= Beginning of Section =

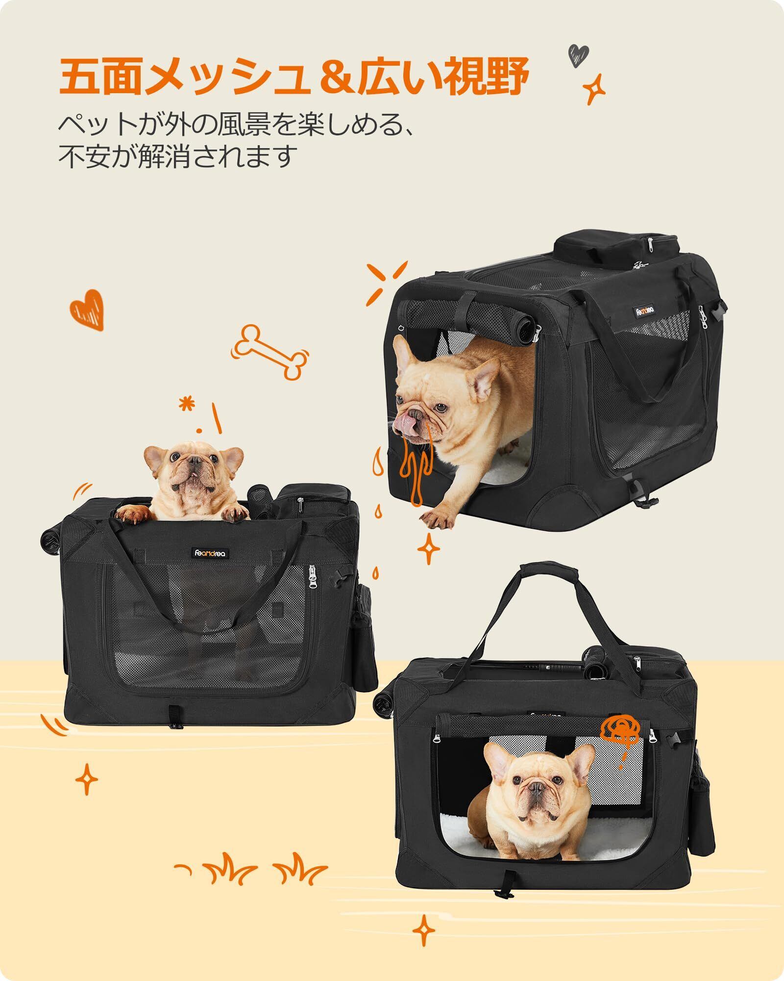 FEANDREA ペットキャリー 折りたたむ 変形しない犬用キャリー 4面メッシュ ブラック 60×42×42cm PDC60H
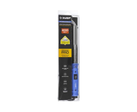 Преимущества ЗУБР ПРОФЕССИОНАЛ с выкл., пласт. ручка и долговеч. жало, 200Вт, клин 55301-200
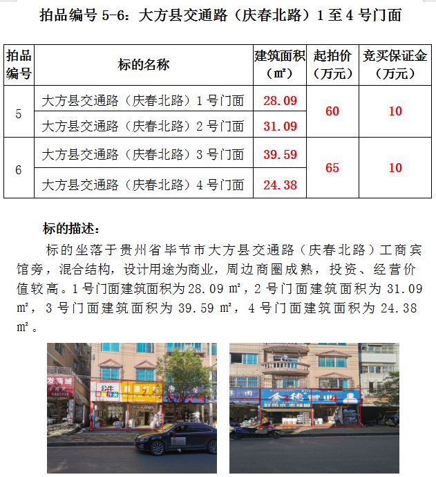 5、大方縣交通路(慶北春路)4間門面(建筑面積分別為:28.09㎡、31.09㎡、39.59㎡、24.38㎡);
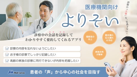 株式会社メディキャンバス(所在地:大阪府大阪市北区梅田1-2-2 大阪駅前第2ビル12-12、代表取締役:副田渓)が提供する、診察内容をわかりやすく手元に残せる医療コミュニケーション支援ツール「よりそい」は、これまで患者様を対象に延べ400名近くの方に使っていただいてまいりました。
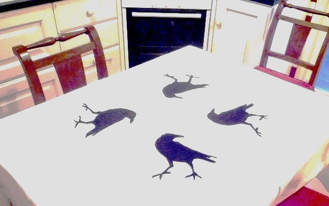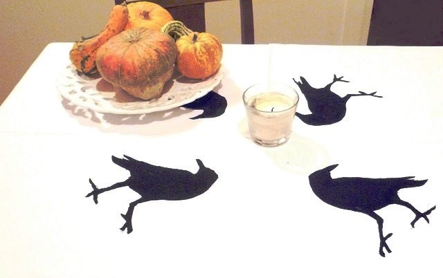 Incolla con attenzione i corvi sulla tovaglia che hai scelto per festeggiare Halloween
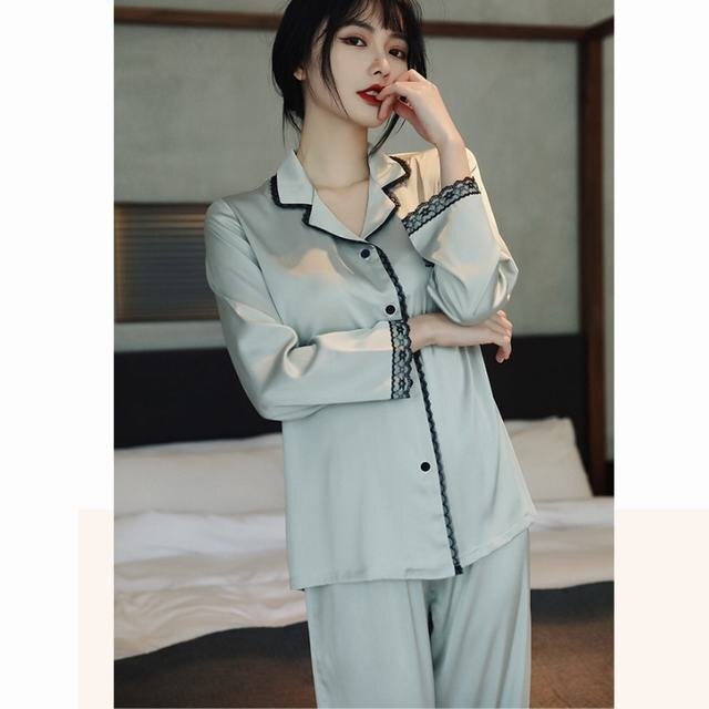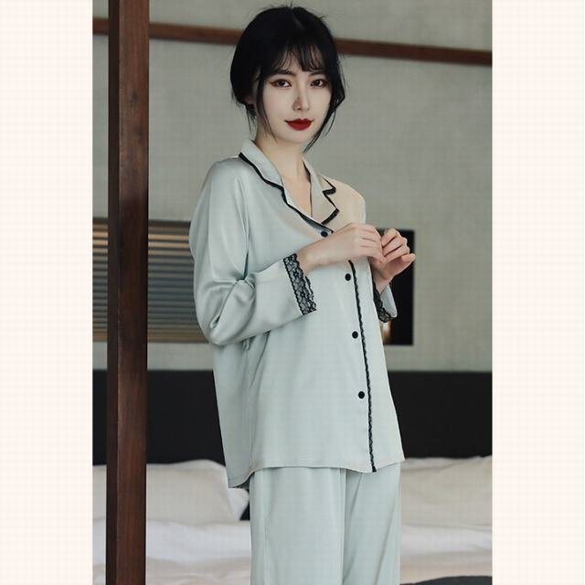 パジャマ レディース レーヨン 前開き 長袖 ルームウェア 肌に優しい ゆったり ロングパンツ 上下セット 柔らか ライトグリーン XLサイズ
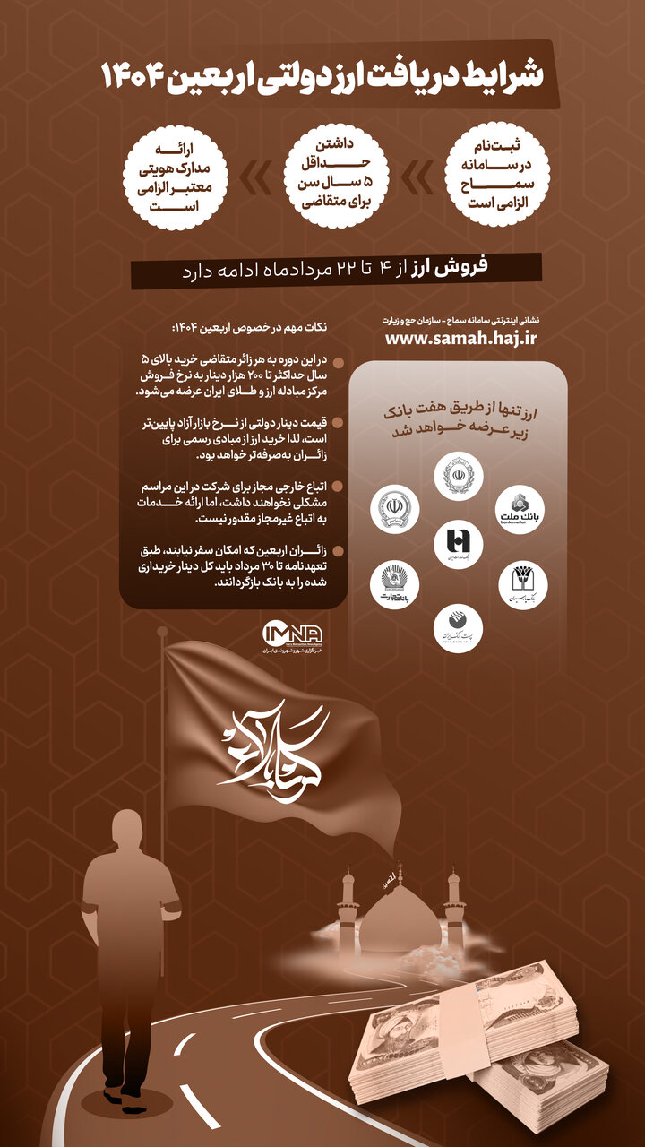 مهمترین شرایط دریافت ارز دولتی اربعین ۱۴۰۴ به شرح زیر است:
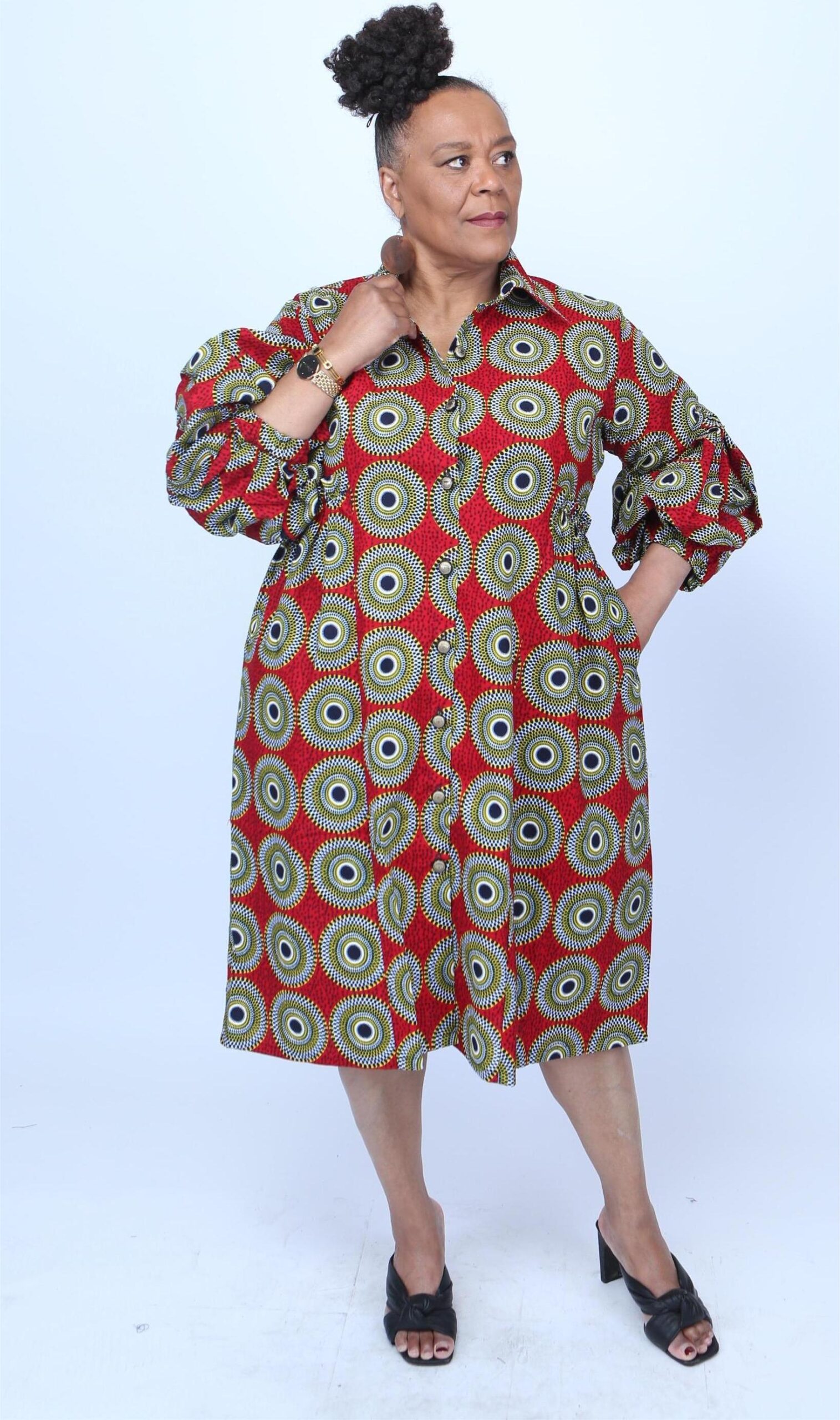 If you like this Shirt Style Mini Dress With Balloon Sleeves then you may also like our Destiny Ankara African Print Shirt Dress With Flared Trim
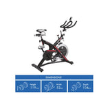 The friction brake system enables quick stops when needed. With its sturdy steel frame, carved saddle and 130kg max user weight, this spin bike is built to last through many high energy cardio sessions.
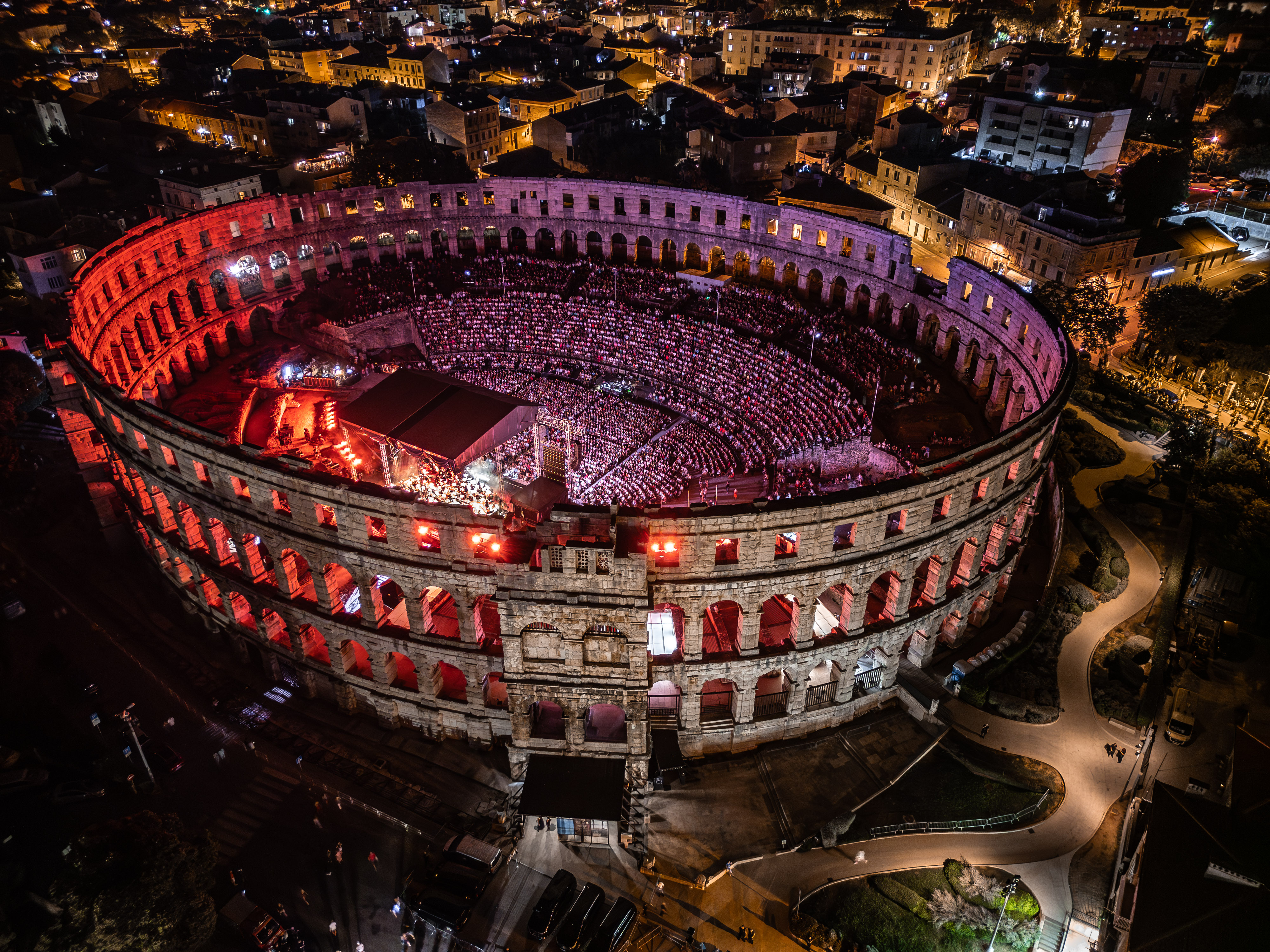 Ovog ljeta Arena u Puli ponovno postaje pozornica najvećih domaćih i svjetskih imena. Doživite vrhunsku produkciju, bezvremensku arhitekturu i glazbu koja se pamti – sve u jednom od najimpresivnijih antičkih amfiteatara na svijetu.

= End of Section =

#### [ACTIVITY]
Look above for the line containing "株式会社メディキャンバス(所"; output that line and all lines after it through the last one exactly, without the pictures.

#### [EXERCISE RESPONSE]
 株式会社メディキャンバス(所在地:大阪府大阪市北区梅田1-2-2 大阪駅前第2ビル12-12、代表取締役:副田渓)が提供する、診察内容をわかりやすく手元に残せる医療コミュニケーション支援ツール「よりそい」は、これまで患者様を対象に延べ400名近くの方に使っていただいてまいりました。
 Incolla con attenzione i corvi sulla tovaglia che hai scelto per festeggiare Halloween
 パジャマ レディース レーヨン 前開き 長袖 ルームウェア 肌に優しい ゆったり ロングパンツ 上下セット 柔らか ライトグリーン XLサイズ
 مهمترین شرایط دریافت ارز دولتی اربعین ۱۴۰۴ به شرح زیر است:
 If you like this Shirt Style Mini Dress With Balloon Sleeves then you may also like our Destiny Ankara African Print Shirt Dress With Flared Trim
 The friction brake system enables quick stops when needed. With its sturdy steel frame, carved saddle and 130kg max user weight, this spin bike is built to last through many high energy cardio sessions.
 Ovog ljeta Arena u Puli ponovno postaje pozornica najvećih domaćih i svjetskih imena. Doživite vrhunsku produkciju, bezvremensku arhitekturu i glazbu koja se pamti – sve u jednom od najimpresivnijih antičkih amfiteatara na svijetu.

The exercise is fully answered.